Palavra que murmura nos verdes pinheiros
o recado que o mar vem escrever nas areias.
Se já em nós morreram velhos marinheiros
há uma palavra que semeia em nossas veias
um país que murmura nos verdes pinheiros.
No meu país em cada homem há uma palavra
que rasga as trevas e as prisões: palavra-chave
capaz de transformar em asa a mão que lavra.
E é inútil prenderem-na que é luz e ave
no meu país em cada homem essa palavra.
Palavra feita de montanhas praias vento.
De verde pinho e mar azul. De sol. De sal.

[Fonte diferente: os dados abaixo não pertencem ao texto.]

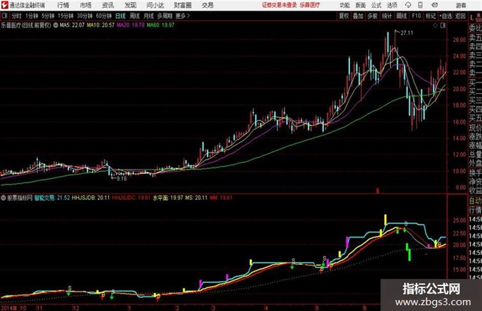 HHJSJDA:=(3*CLOSE+OPEN+LOW+HIGH)/6;HHJSJDB:(20*HHJSJDA+19*REF(HHJSJDA,1)+18*REF(HHJSJDA,2)+17*REF(HHJSJDA,3)+16*REF(HHJSJDA,4)+15*REF(HHJSJDA,5)+14*REF(HHJSJDA,6)+13*REF(HHJSJDA,7)+12*REF(HHJSJDA,8)+11*REF(HHJSJDA,9)+10*REF(HHJSJDA,10)+9*REF(HHJSJDA,11)+8*REF(HHJSJDA,12)+7*REF(HHJSJDA,13)+6*REF(HHJSJDA,14)+5*REF(HHJSJDA,15)+4*REF(HHJSJDA,16)+3*REF(HHJSJDA,17)+2*REF(HHJSJDA,18)+REF(HHJSJDA,20))/210,COLORYELLOW;HHJSJDC:MA(HHJSJDB,6),COLORRED;日线:=MA(CLOSE,60),COLORBLUE;
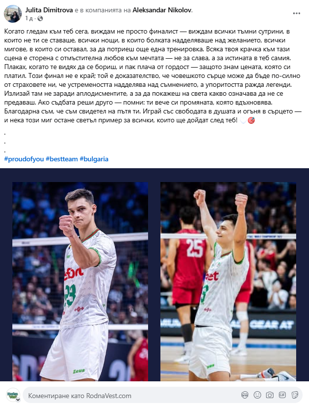 Тя припомни как България достигна решителния мач. Подчерта усилията на Алекс и отбора: Братята Николови изведоха България до исторически финал на Световното по волейбол и България победи Чехия с 3:1 и се класира за исторически финал на Световното по волейбол. Юлита призна, че е плакала, наблюдавайки тези моменти. Чувството на гордост е още по-силно сега.

Não vale a pena proibirem o pensamento.
Há uma palavra clandestina em Portugal
que se escreve com todas as harpas do vento.
Manuel Alegre
Não há machado que corte
a raíz ao pensamento
não há morte para o vento
não há morte
Se ao morrer o coração
morresse a luz que lhe é querida
sem razão seria a vida
sem razão
Nada apaga a luz que vive
num amor num pensamento
porque é livre como o vento
porque é livre
Carlos de Oliveira
Epígrafe para a arte de roubar
Roubam-me Deus
Outros o diabo
Quem cantarei
Roubam-me a Pátria
e a humanidade
outros ma roubam
Quem cantarei
Sempre há quem roube
Quem eu deseje
E de mim mesmo
Todos me roubam
Quem cantarei
Quem cantarei
Roubam-me a Pátria
e a humanidade
outros ma roubam
Quem cantarei
Roubam-me a voz
quando me calo
ou o silêncio
mesmo se falo
Aqui d'El Rei.
Jorge de Sena
Não hei-de morrer sem saber
qual a cor da liberdade.
Eu não posso senão ser
desta terra em que nasci.
Embora ao mundo pertença
e sempre a verdade vença,
qual será ser livre aqui,
não hei-de morrer sem saber.
Trocaram tudo em maldade,
é quase um crime viver.
Mas, embora escondam tudo
me queiram cego e mudo,
não hei-de morrer sem saber
qual a cor da liberdade.
Jorge de Sena (1956)
GUERRA COLONIAL
“Diz, oh mar, à minha mãe,/que matar não me apraz/ no fundo quem vai à guerra/é aquele que a não faz.” Luís Cília
ABAIXO O MISTÉRIO DA POESIA
Enquanto houver um homem caído de bruços no passeio
E um sargento que lhe volta o corpo com a ponta do pé
Para ver como é,
Enquanto o sangue gorgolejar das artérias abertas
E correr pelos interstícios das pedras, pressuroso e vivo como vermelhas
minhocas
Despertas;
Enquanto as crianças de olhos lívidos e redondos como luas,
Órfãos de pais e mães,
Andarem acossados pelas ruas
Como matilhas de cães;
Enquanto as aves tiverem de interromper o seu canto
Com o coraçãozinho débil a saltar-lhes do peito fremente,
Num silêncio de espanto
Rasgado pelo grito da sereia estridente;
Enquanto o grande pássaro de fogo e alumínio
Cobrir o mundo com a sombra escaldante das suas asas
Amassando na mesma lama de extermínio
Os ossos dos homens e as traves das suas casas;
Enquanto tudo isso acontecer, e o mais que se não diz por ser verdade,
Enquanto for preciso lutar até ao desespero da agonia,
O poeta escreverá com alcatrão nos muros da cidade:
ABAIXO O MISTÉRIO DA POESIA
António Gedeão
Hora H
A Primavera cheira a laranjas.
(Há umas granadas de mão, redondas e pequenas, a que
chamam laranjas.)
O cheiro das laranjas enche a noite luarenta de mistérios.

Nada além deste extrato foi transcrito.